All of the above took place on the Saturday, leaving the circuit clear for Sunday’s racing action from the Britcar Endurance paddock for their season finale. The Trophy category went first, with a couple of cars choosing to sacrifice their grid position in favour of changing on to wet tyres given the changing conditions. The title contending Ginetta of Charlotte Birch and Adriano Medeiros plus the Peugeot RCZ of Rob Smith and Charlie Campbell both made this choice, as did Richard Higgins in his Porsche 996, leaving the head of the field at the start to be dominated by front wheel drive VW Sciroccos and Renault Clios. Throughout the race, two safety cars occured allowing Higgins to rise highest of the three wet tyre starters, and his pace after his mandatory stop allowed him to claim the lead and the win at the flag, followed by the Birch/ Medeiros Ginetta in 2nd place and the Smith/ Campbell Peugeot in 3rd. In that first race, the BMW of Oliver Smith suffered an incident which put him out of the race and with Smith also in contention to win the championship, he needed a mega final race.
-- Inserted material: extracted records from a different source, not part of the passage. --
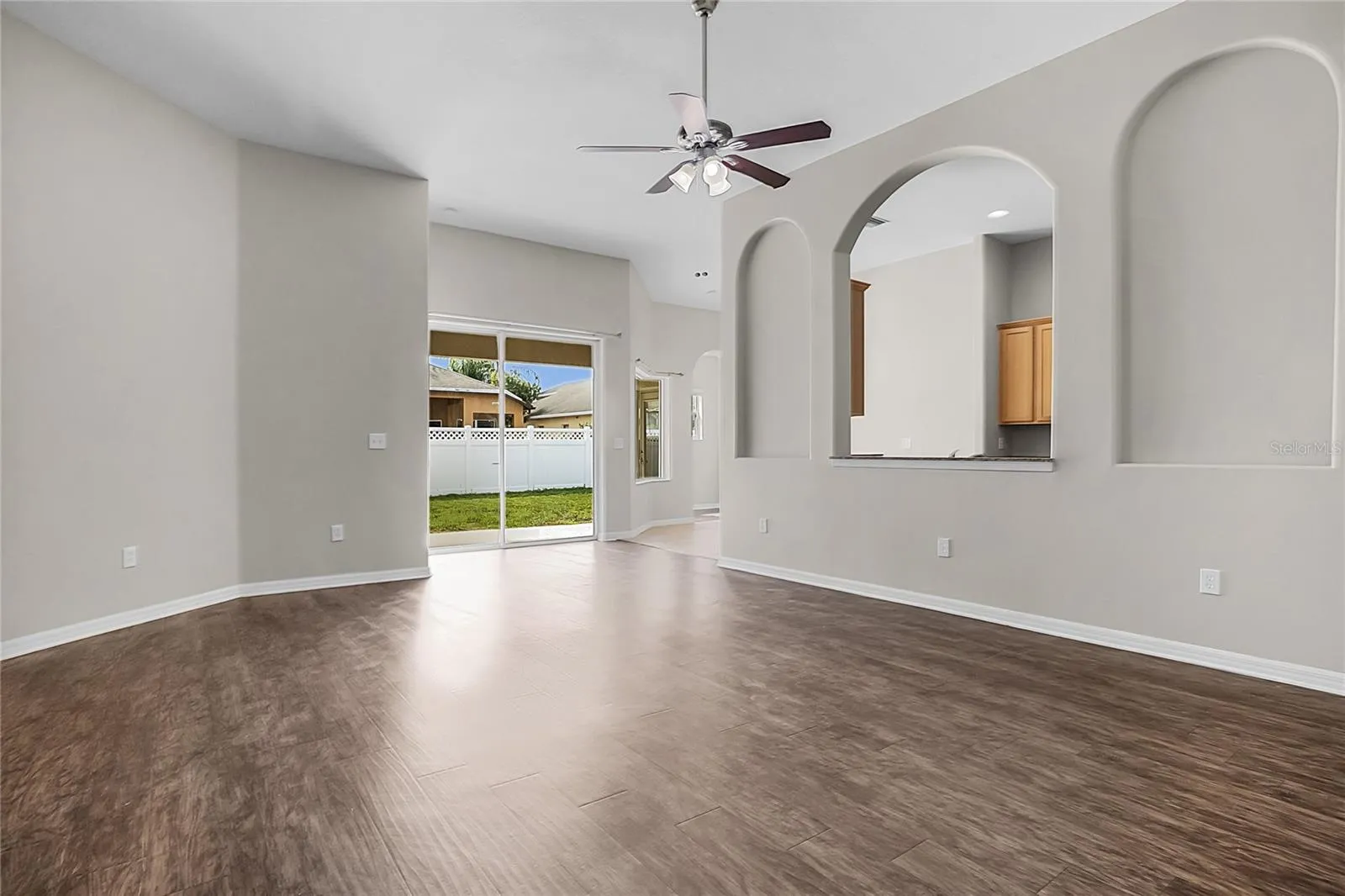 This 4-bedroom, 3-bathroom residence in the gated Lake Talia community, offering a spacious 2,686 sqft of living space, is now more accessible with our 2% Seller-Paid Rate Buydown offer, enhancing the benefits of homeownership. The home features wood laminate and tile flooring, vaulted ceilings, and a neutral color palette, creating an inviting atmosphere. Thoughtfully designed, it includes distinct living and dining areas, an office, and a kitchen equipped with granite countertops, wood cabinets, stainless steel appliances, and a walk-in pantry. Three bedrooms provide ample closet space, complementing the privacy-oriented master suite, which boasts a walk-in closet and an ensuite bathroom with a dual sink vanity, separate shower, and tub. The outdoor space features a covered patio overlooking a sizable yard, bordered by a partially enclosed fence, offering a serene setting for relaxation or gatherings.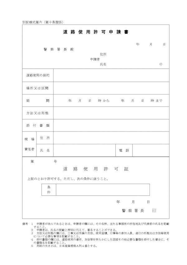 道路使用許可申請書 道路使用許可証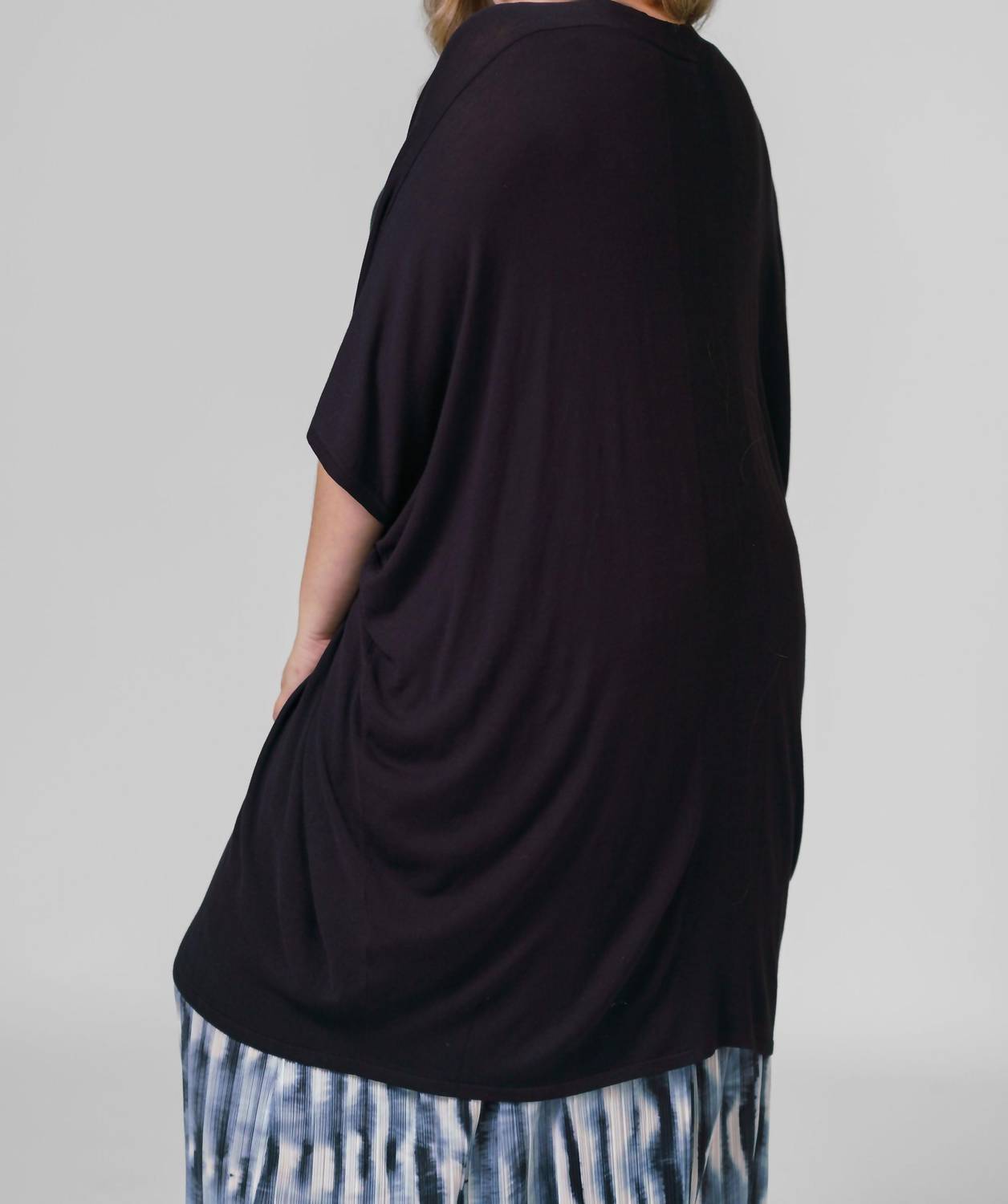 Оцените универсальность этой туники, искусно сшитой для создания бесшовных многослойных образов или самостоятельного ношения. Продуманный дизайн и удобная посадка делают ее идеальным дополнением к любому гардеробу. Дополните свой повседневный образ туникой Bloom Knit от Bitte Kai Rand - универсальной вещью, которая идеально впишется в любой гардероб. Эта однотонная черная туника plus-size из тонкого трикотажа имеет рукава три четверти и элегантный V-образный вырез. Свободный крой и разрез спереди обеспечивают комфорт и свободу движений, что делает ее идеальным вариантом для повседневного сочетания с джинсами и кроссовками. Застежка - надевается.

Smith would start from the back as the Race 1 positions decided the grid, but it didn’t take him long to pick off half the field in the opening lap before steadily making up places one by one throughout the 50 minute encounter. As key rivals Anthony Hutchins and the Birch/Medeiros were forced out due to mechanical issues, the potent little Smart ForFour of Jon Packer and Rob Baker took the lead through the pit stops, as did the Porsche of Higgins before he stopped late, but by that time Smith had already sailed through into a lead he would not lose. Smith duly won the race and the Britcar Endurance Trophy title, with Higgins in 2nd and the Baker/Packer Smart completing the podium.

Over in the Endurance category, a pair of Praga R1Ts were ready to battle a Ferrari for the crown and qualifying suggested it was advantage Praga with front row lockout thanks to the driver pairings of Jack Fabby and Gary Townsend in one car and Danny Harrison and Jem Hepworth in the other. However, it was the Paul Bailey/ Ross Wylie Ferrari 488 Challenge that powered into the lead at the start of Race 1 followed by the Radical RXC Coupe of Ben Dimmack and Steve Burgess, with the top two cars switching places early on. Both were duped by the charging MacG Racing Taranis of Jonny MacGregor, who ended up leading most of the way but began to fade in the closing stages, eventually being caught by Harrison’s Praga which then went on to win the first encounter. MacGregor maintained 2nd place, while Fabby brought the second Praga onto the podium ahead of the Ferrari.

MacGregor bounced back at the start of the final Endurance race of the season, taking the lead from the start but stood to lose it not long after the end of the first lap after a mistake at Murrays, giving Hepworth in the Praga and the Radical a chance to pass. MacGregor’s race would end midway through with an oil leak, but not before the conditions changed enough to force everyone to make early pitstops to change tyres as a brief but light shower of rain dampened the track. As the circuit dried again, the Praga pair of Harrison and Fabby took over as the dominant duo at the front and managed to hold on to win with Fabby’s car taking the flag first ahead of Harrison, whose 2nd place gave both he and Hepworth the Endurance title. A hard-charging Ross Wylie made the most of his slick tyres to take a strong 3rd place in the Ferrari.